Я сказал немного раньше, что у нас не было млекопитающих на островах. В этом я был не совсем точно прав. Я должен был сказать, ни одного наземного млекопитающего. Маленькая испанская летучая мышь была однажды пригнана к нам сильным северо-восточным ветром и сразу же поселилась среди пещер нашего архипелага, где она охотится по сей день на наших мух и жуков. Это показалось мне очень наглядно демонстрирующим преимущество, которое имеют крылатые животные в вопросе космополитического расселения; ибо в то время как для крыс, мышей или белок было совершенно невозможно пересечь промежуточный пояс в триста лиг моря, их маленькая крылатая родственница, нетопырь, совершила путешествие через море вполне благополучно на своих собственных кожистых крыльях и с не большей трудностью, чем ласточка или вяхирь.

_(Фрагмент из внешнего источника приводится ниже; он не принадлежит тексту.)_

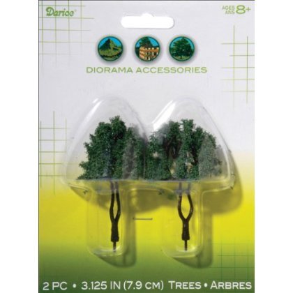 This diorama trees comes with flocked leaves. Great for model trains, doll houses, school projects and other small scale displays. Rounded trees that are covered with a fiber like green powder, giving them a living tree appearance. Measures 3-1/8-inch height. Each package contains two trees with plastic stands.

Насекомые моего архипелага рассказывают очень похожую историю, что и птицы и растения. Здесь тоже крылатые виды имели большое преимущество. Конечно, самые ранние бабочки и пчелы, которые прибыли в период, покрытый папоротниками, голодали из-за нехватки меда; но как только долины начали густо зарастать сложноцветными, колокольчиками и душистыми миртовыми кустами, эти питающиеся нектаром насекомые успешно обосновались и сохранили свою породу чистой благодаря случайным скрещиваниям со свежими прибывшими, принесенными в море позже. Развитие жуков я наблюдал с гораздо большим интересом, так как они принимали свежие формы гораздо быстрее в своих новых условиях ограниченной пищи и ограниченных врагов. Многие виды я наблюдал, которые изначально прибыли из Европы, иногда в личиночном состоянии, иногда в яйце, а иногда летя как полновозрастные насекомые перед порывом яростной бури. Некоторые из них быстро изменили свои признаки после прибытия на острова, производя сначала дивергентные разновидности и, наконец, благодаря отбору, действующему различными путями, через климат, пищу или врагов, на эти зарождающиеся формы, развиваясь в стабильные и хорошо адаптированные виды. Но я заметил три случая, когда куски плавника, выброшенные из Южной Америки на западные побережья, содержали яйца или личинки американских жуков, в то время как несколько других были пригнаны на берег с Канарских островов или Мадейры; и в одном случае даже маленькое насекомое, принадлежащее к типу, ныне ограниченному Мадагаскаром, нашло свой путь благополучно по морю к этому отдаленному месту, где, будучи самкой с яйцами, оно преуспело в создании процветающей колонии. Я полагаю, однако, что во время своего прибытия оно все еще существовало на африканском континенте, но, вымирая там под давлением конкуренции с высшими формами, оно теперь выживает только в этих двух широко разделенных островных областях.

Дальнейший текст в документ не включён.